> [Exercise materials]:
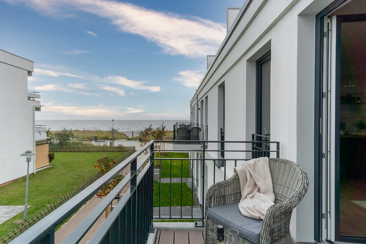 Last but not least der Balkon: Hier möchte man sich gleich in einen der beiden Sessel kuscheln, Beine hoch und dann nur noch geniessen – den Blick über das Meer bis zum Horizont …
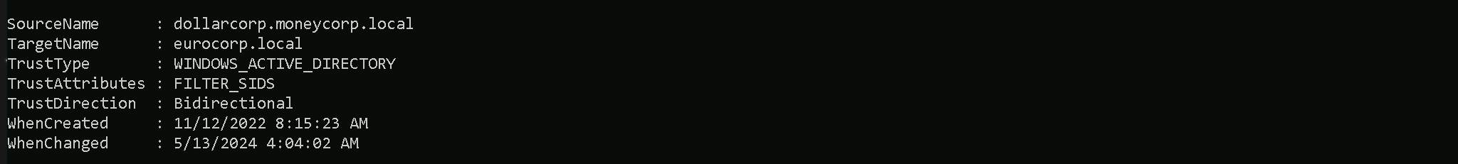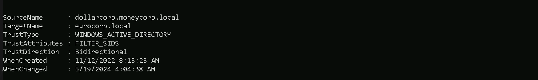 dollarcorp.moneycorp.localinstead of all the trusts. As we can see below, the external trust for dollarcorp iseurocorp.local.Get-DomainTrust | ?{$_.TrustAttributes -eq "FILTER_SIDS"}
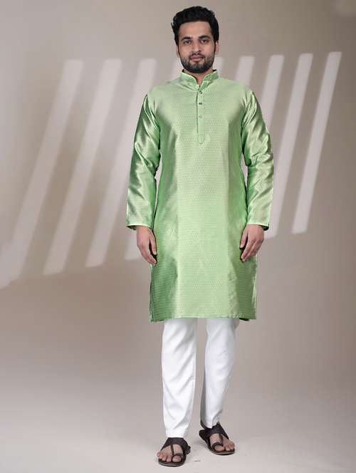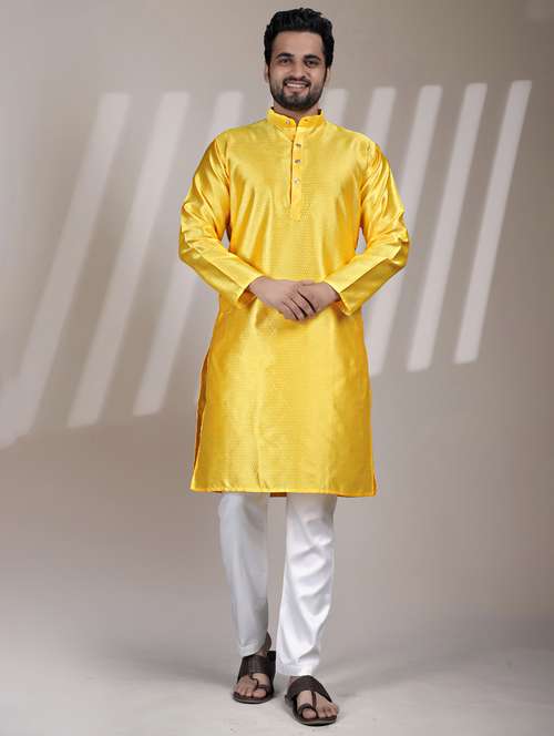 Gold Jacquard Kajukatri Design Kurta For Mens
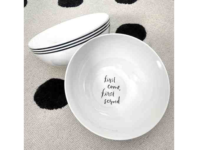 Salut! Melamine Serving Bowl by Kate Spade. Features bold black and white stripes on the rim and the phrase "First Come, First Served" inside. Playful design to add a dash of chic to any meal.
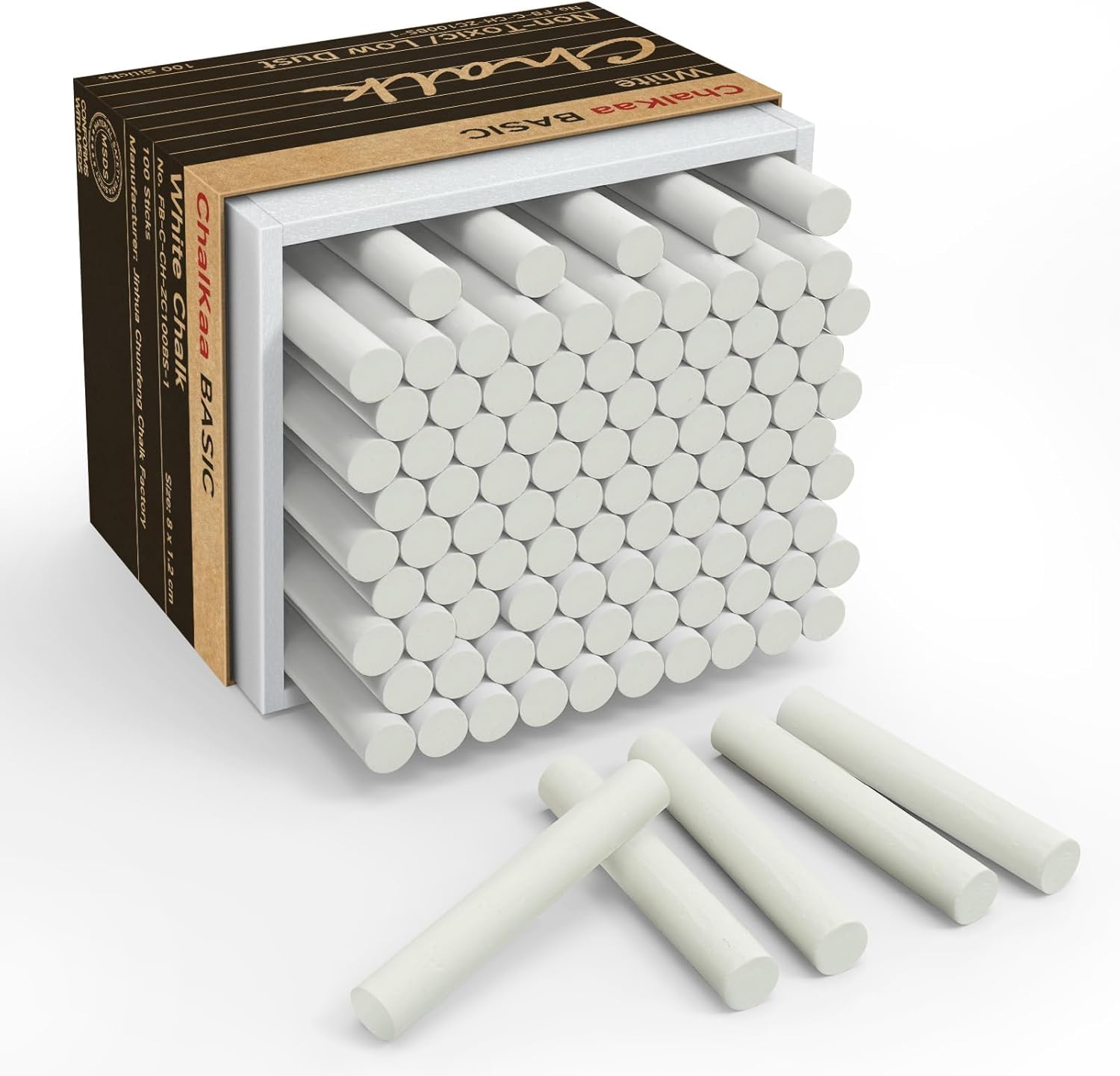 - 100-Pack Extra Thick Chalk: Each box of ChalKaa white chalk basic contains 100 pieces, each measuring 3.15 inches in length and 0.47 inches in diameter, making them longer and thicker than regular chalk. With an abundant quantity and enhanced durability, these chalks require less frequent replacement, making them ideal for teachers who teach for extended periods or creators who prefer uninterrupted flow of ideas without the need to change chalk often

> [Task prompt]:
Make an exact copy of the records, pictures excluded.

> [Worked solution]:
 Last but not least der Balkon: Hier möchte man sich gleich in einen der beiden Sessel kuscheln, Beine hoch und dann nur noch geniessen – den Blick über das Meer bis zum Horizont …
 dollarcorp.moneycorp.localinstead of all the trusts. As we can see below, the external trust for dollarcorp iseurocorp.local.Get-DomainTrust | ?{$_.TrustAttributes -eq "FILTER_SIDS"}
 Gold Jacquard Kajukatri Design Kurta For Mens
 Salut! Melamine Serving Bowl by Kate Spade. Features bold black and white stripes on the rim and the phrase "First Come, First Served" inside. Playful design to add a dash of chic to any meal.
 - 100-Pack Extra Thick Chalk: Each box of ChalKaa white chalk basic contains 100 pieces, each measuring 3.15 inches in length and 0.47 inches in diameter, making them longer and thicker than regular chalk. With an abundant quantity and enhanced durability, these chalks require less frequent replacement, making them ideal for teachers who teach for extended periods or creators who prefer uninterrupted flow of ideas without the need to change chalk often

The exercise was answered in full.